The workers at Ghelco are gradually finding ways around that problem.
With so little capital, the plant requires customers to supply the raw
materials for their orders
or pay for them up front. But they deliver the final product at prices
much lower than before the bankruptcy, even when the retailers' contribution
is accounted for.
The factory also is benefiting from dropping 29 higher-paid managers
from the payroll. Lately, orders have begun to pick up. The company was
operating at 60
percent capacity when the owners filed for bankruptcy; Caro said he
hopes Ghelco will surpass that by mid-year.

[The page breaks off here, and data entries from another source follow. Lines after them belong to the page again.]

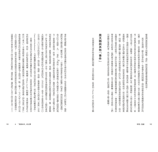預測一個具體的結果,跟預測一個結果出現的機率完全不同。我們意識到這一點之後,對於可預測的事件類型應該會改觀。但我們習慣「從過去吸取教訓」的學習方式,也產生另一個更違反直覺的問題,那就是,我們從開始就不知道自己該預測什麼。坦白說,就像過去「已發生過無數事件」一樣,我們隨時都能做出無數預測。同時,就像我們其實不關心大部分的過去事件,我們也不在意全部的潛在預測。反之我們在意的只有極少數預測──如果我們能事先這樣預測,可能確實會產生重大改變。美國航空官員如果當初預料到恐怖分子將帶著美工刀劫持飛機,企圖撞向世貿中心和五角大廈,就可以採取預防措施,像是強化駕駛艙門、加強機場安檢,進而避免這類意外。還有,如果在一九九○年代末,有個投資者知道有一家小型新創公司叫Google,將來會發展成網際網路龍頭,他就可以透過投資大賺一筆。
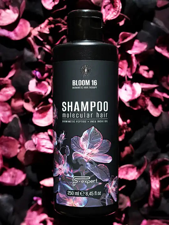 BLOOM 16 Molecular Hair Shampoo е иновативен безсулфатен шампоан, създаден по биомиметична технология за целенасочена регенерация на косъма и грижа за скалпа. Формулата му е обогатена с пребиотици, фитокератин, пептиди и органично масло от Инка Инчи, които възстановяват структурата на косата в дълбочина. Изключително икономичен и нежен, шампоанът съчетава наука и природа за видимо по-здрава, еластична и сияйна коса.
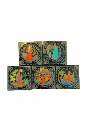 Lot Of 5 Russian Black lacquered Trinket Box's 1x2"
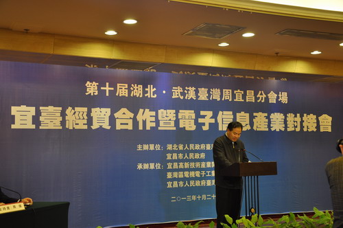 10月25日上午,2013湖北•武汉台湾周分会场宜昌举行了宜台经贸合作暨电子信息产业对接会,本次对接会目的在于加强宜台两地经贸合作,推动双方电子信息产业的交流与洽谈。湖北省委常委、宜昌市委书记黄楚平会见了台湾重要客商及嘉宾,市委副书记、市长马旭明在对接会上致辞。
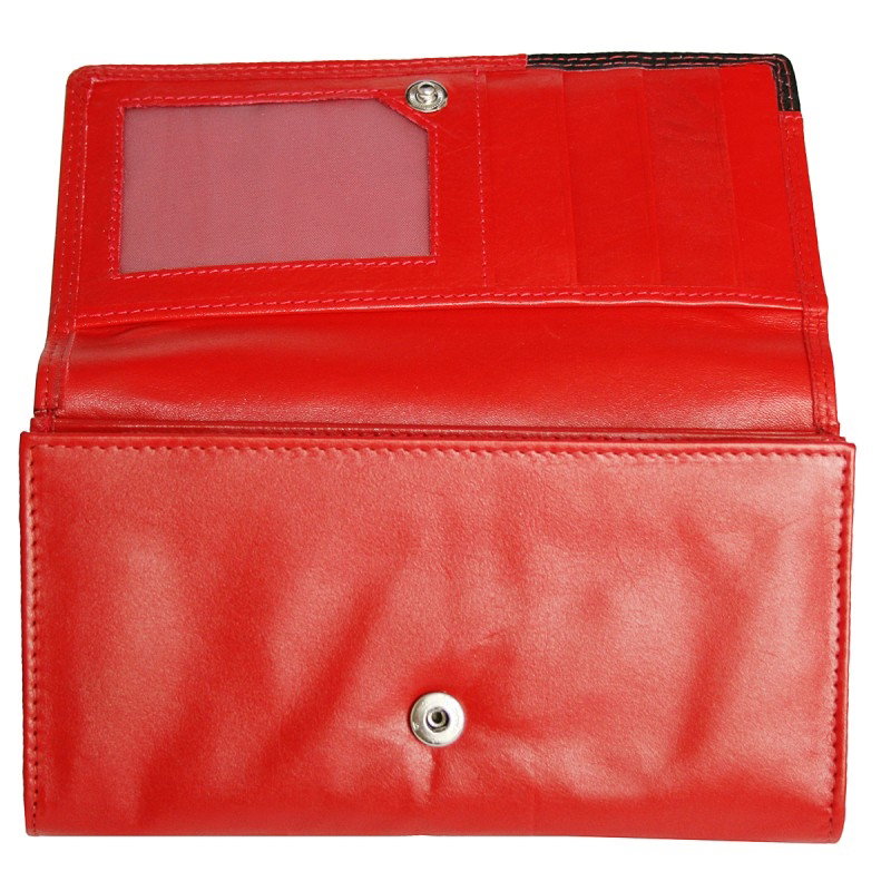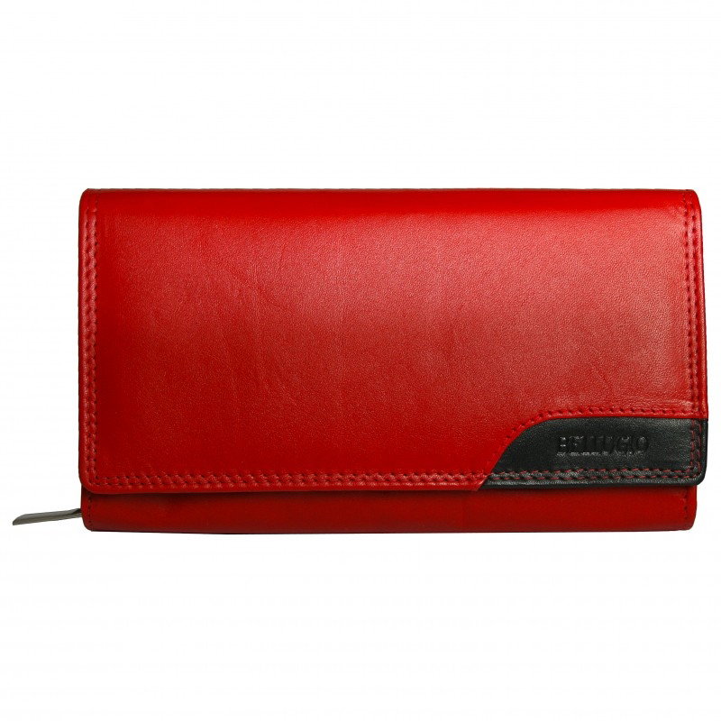 Portofel dama piele naturala Bellugio PORT538 Rosu si Negru. Acest portofel din piele naturala este un accesoriu sigur si usor de folosit, cu multiple compartimente interioare pentru bancnote, acte si monede. Ideal pentru cadou (portofelul este ambalat in cutie de carton originala branduita cu marca producatorului).
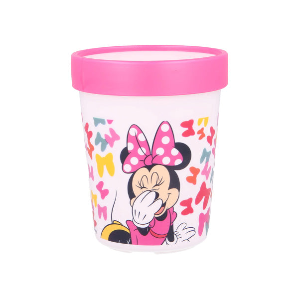 كوب ستور الفاخر ثنائي اللون غير قابل للانزلاق، بتصميم ميني سو إيدجي بوز، سعة 260 مل، بقاعدة مانعة للانزلاق تُثبّت على أي سطح أملس. هذا الكوب القابل لإعادة الاستخدام آمن للاستخدام في الميكروويف ومصنوع من بلاستيك خالٍ من بيسفينول أ. سيحبه الأولاد والبنات على حد سواء، فهو مزين بشخصياتهم المفضلة.
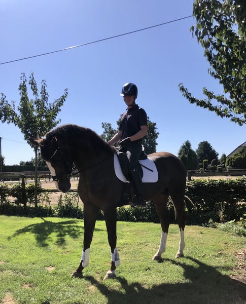 À vendre, un magnifique Oldenburger bai foncé, hongre de 3 ans, agréé par l'Anglo European Studbook et donc fraîchement monté. Actuellement, il mesure 172 cm. Sezuan’s Donnerhall x Don Gregory. Exprimant une grande présence, toujours prêt à apprendre, motivé et travailleur. Déjà solide, agréable à monter et toujours facile à manipuler. Son caractère est équilibré et affectueux, tourné vers l'homme. Pas de vices. Résultats de radiographies sans anomalies. Bien sûr, il est ferré et chargé sans problème. Il connaît les enfants, les chiens, les chats, les tracteurs, etc. Il est habitué à la vie en groupe dans un box ouvert ainsi qu'à l'écurie. Il a maintenant un box spacieux pour sa formation. Jusqu'à présent, il est exempt de toute blessure ou maladie. Je serais heureux d'envoyer de courtes vidéos et des détails importants par message privé, mais cela ne remplace pas une visite sur place, une rencontre et un essai ! Localisation : Allemagne.
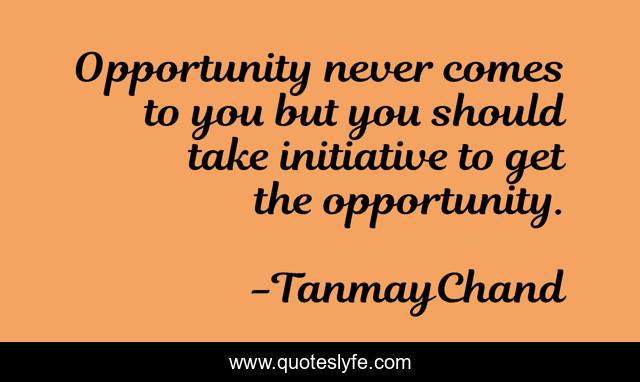 This page presents the quote "Opportunity never comes to you but you should take initiative to get the opportunity.". Author of this quote is TanmayChand. .
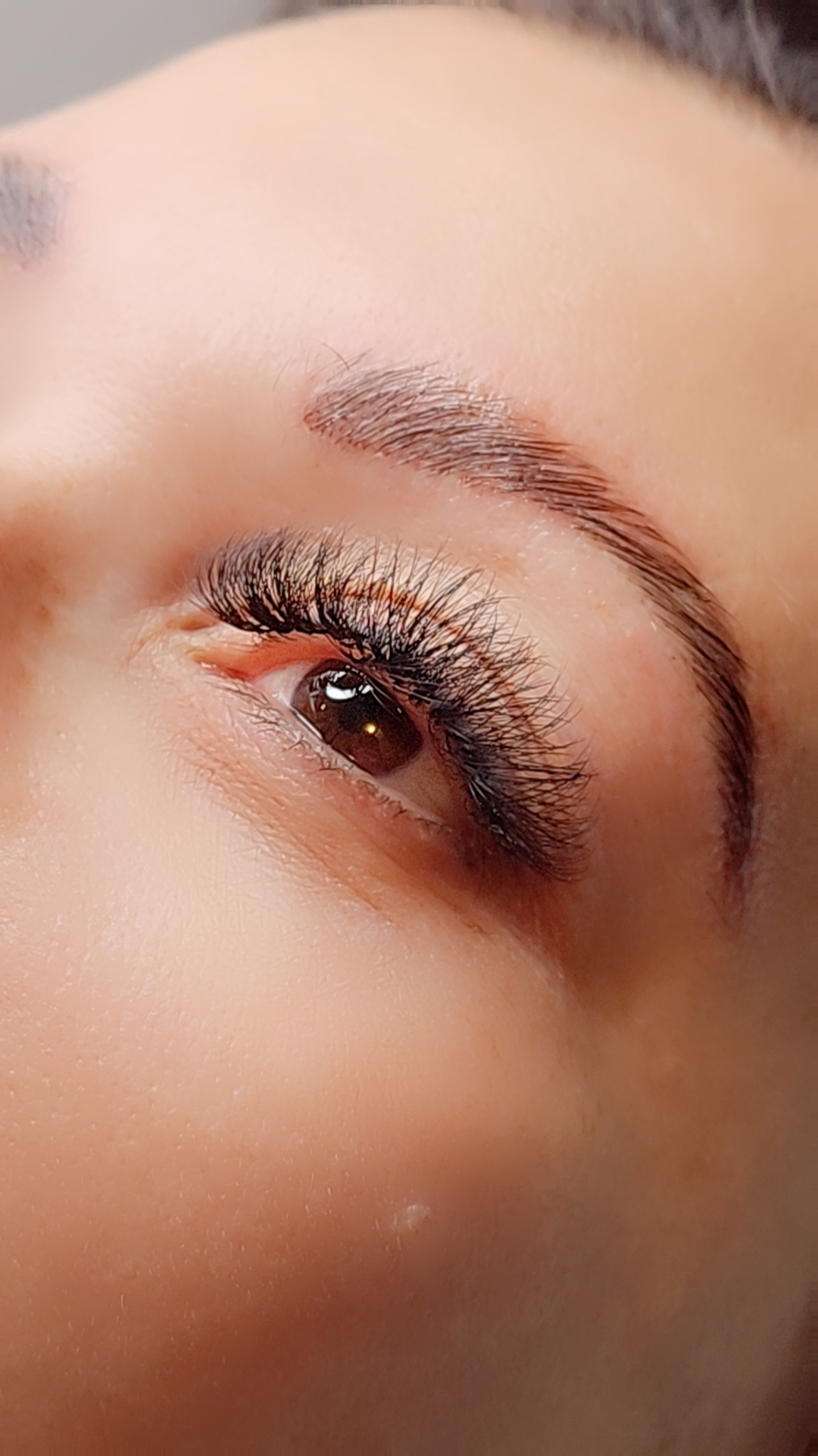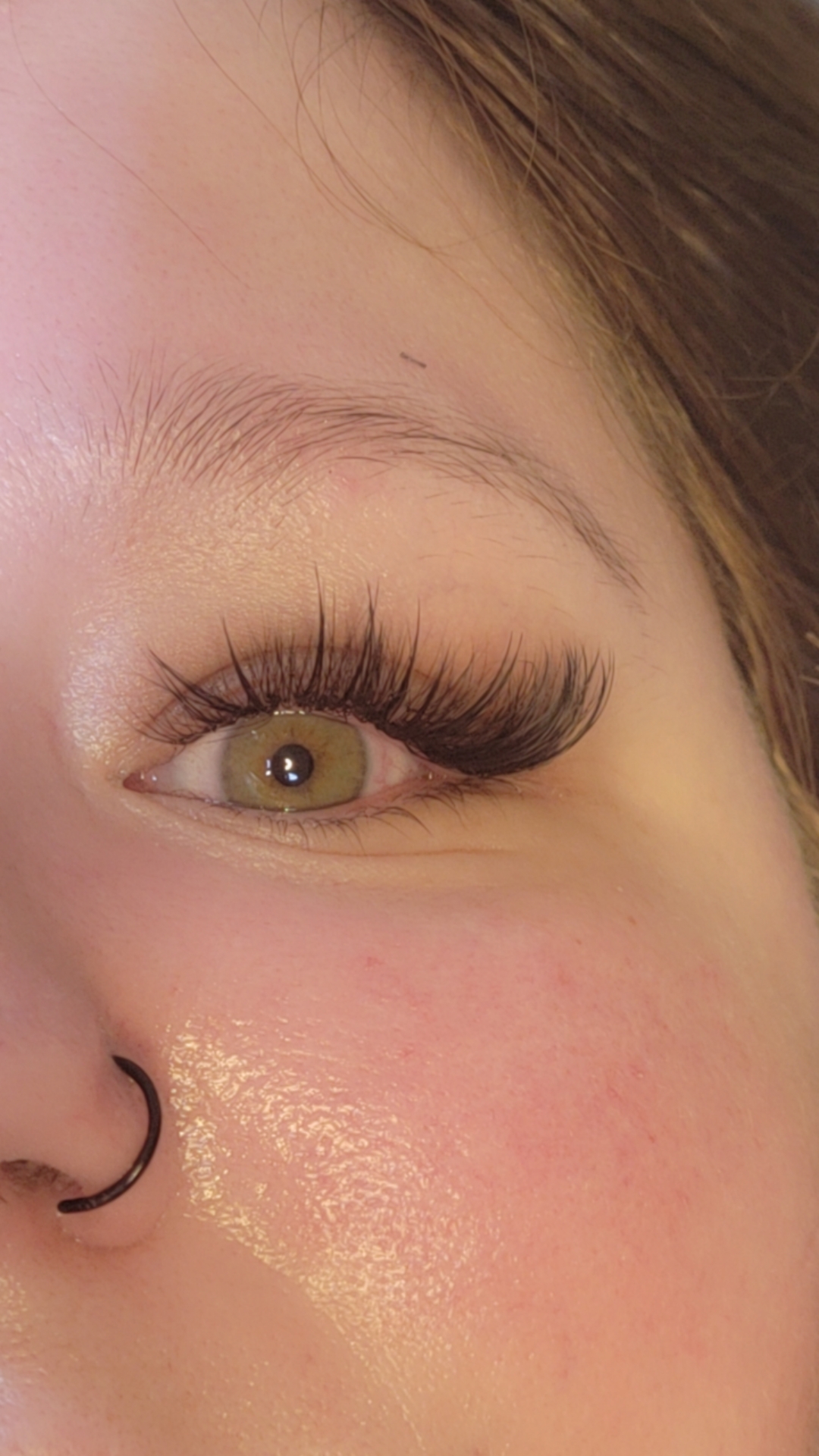 Combination of two techniques: Volume and Individual lash extensions. Taking the best bits from both treatments, Hybrid Lashes will give you volume and length, resulting in a wispy, textured lash extension look.

"Right at the beginning there was no one there for the average Argentine
on the street," said Norbert Monzon, president of the Ghelco workers' cooperative.
"We're
doing what we've always done, what we know we can do as well as anyone.
And now we're doing it knowing that if we don't, there won't be a job,
there won't be a
paycheck."
After it became clear that the workers were turning the factory around,
labor unions began to call, asking how they could help, Monzon said. The
government has
formed an agency to assist workers in reopening closed plants.
And the owners?
"They called us a few months ago," Monzon said. "They asked us if they could buy the plant back from us."